Japanese men's fashion magazine

Popeye (stylized as POPEYE) is a monthly fashion and men's magazine published by Magazine House with the name licensed from King Features Syndicate. Founded in 1976, it is one of Japan's oldest magazines featuring articles about men's fashion. Its tagline is "Magazine for City Boys". The magazine introduced American youth culture to Japanese audiences and is Japan's longest-running men's fashion magazine.

==History and profile==
===Founding===
Popeye was conceived in 1976 as a male counterpart to an an, Magazine House's successful women's magazine. The magazine emerged from the merger of two existing publications, Ski Life and Made in U.S.A. According to cultural historian W. David Marx, founding editor Jirō Ishikawa originally wanted to name the publication "City Boys" before settling on Popeye.

The first issue appeared in July 1976 and featured the fashion trends of Los Angeles. Art director Seiichi Horiuchi created the logo in 1976 and designed every issue throughout the decade. Yoshihisa Kinameri served as the launch editor.

===Publishing details===
The publisher is Magazine House Ltd., a Tokyo-based publishing company. The company, originally named Heibon Shuppan, founded the magazine in 1976.

The magazine was initially published biweekly before transitioning to monthly publication. Popeye covers fashion, clothing, accessories, bags, and shoes, and targets young, educated urban men.

===Competition and decline===
Following Popeyes success, publisher Kodansha launched Hot-Dog Press in 1979 as a direct competitor and "nearly identical rip-off". In 1982, Hot-Dog Press outsold Popeye for the first time. By 1991, Hot-Dog Press reported greater sales than Popeye, which had a circulation of 700,000.

Both Popeye and Hot-Dog Press struggled by the mid-1990s as readers became less interested in magazines that dictated fashion trends.

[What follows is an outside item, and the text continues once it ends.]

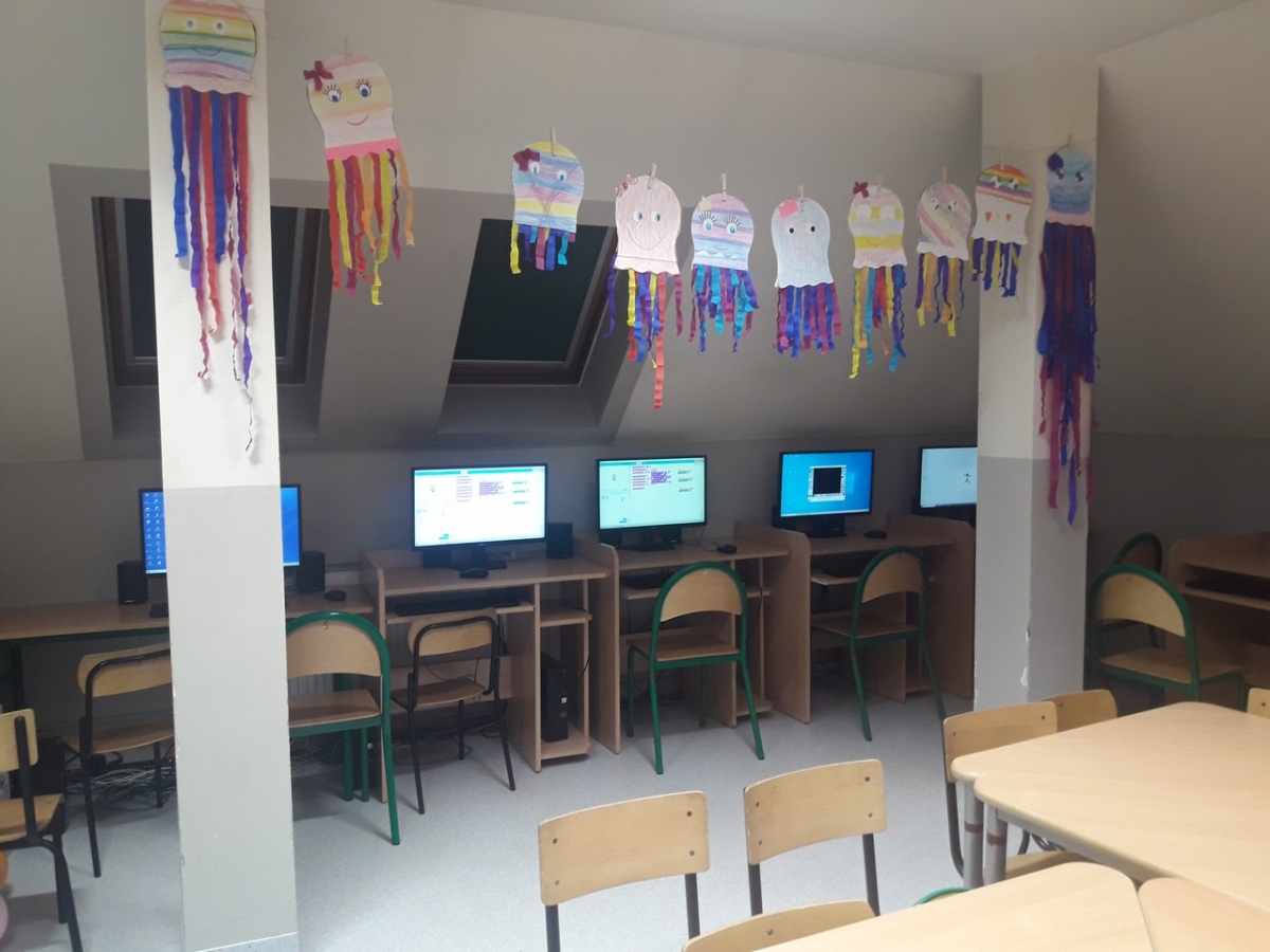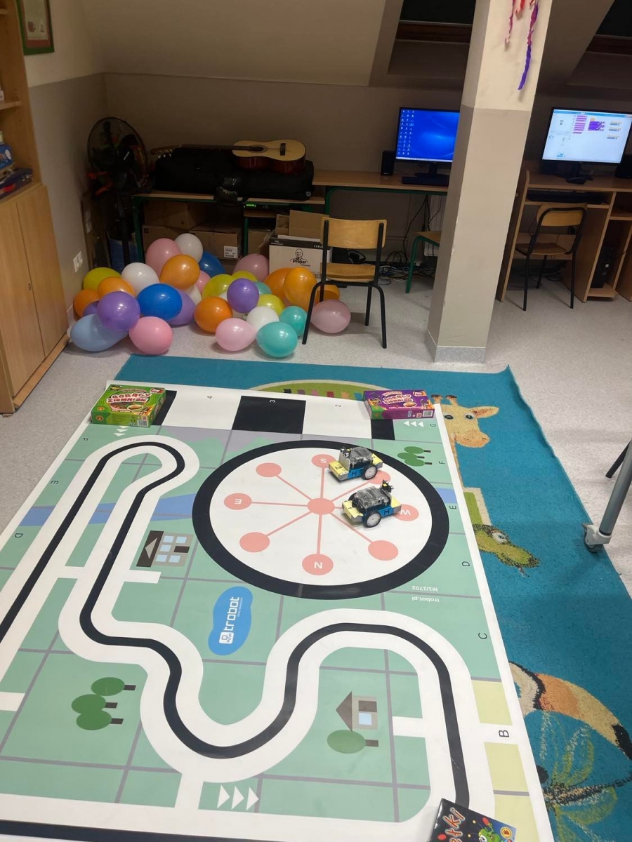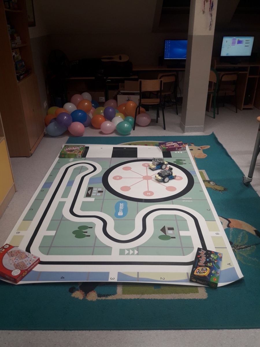 Podczas Dnia Otwartego w naszej szkole zwiedzający mogli zapoznać się z pracownią informatyczną. Zostały zaprezentowane możliwości drukarki 3D, różne programy użytkowe i edukacyjne zainstalowane na komputerach. Zaprezentowano sposób budowania i programowania robotów Lego Education Spike oraz robotów mBot. Zwiedzający mogli sterować robotami przy pomocy programu komputerowego: wyświetlać informacje na tablicy robota, operować dźwiękiem oraz światłem generowanym przez niego. Dużym powodzeniem cieszyła się możliwość starowania robotami na planszy przy pomocy klawiatury komputerowej.

===Editorial leadership and redesign===
In 2012, Takahiro Kinoshita became editor-in-chief and initiated a magazine redesign. Circulation grew to 100,000 during his tenure. Kinoshita left his position in 2018 to join Fast Retailing as an executive officer.

==Cultural impact and recognition==
Other Magazine House titles include an an, Brutus, and Croissant. In 2013, both Popeye and Brutus received the Fifth Best Magazine Award.

The magazine celebrated its 40th anniversary in July 2016 with a special issue that included a complete reprint of the original 1976 edition. The anniversary included collaborations with major fashion retailers, including a limited collection with BEAMS celebrating both brands' 40th anniversaries.

==Circulation and publication==
In 1999, Popeye reported a circulation of 220,000. As of 2024, the magazine continues monthly publication with digital editions and an online store.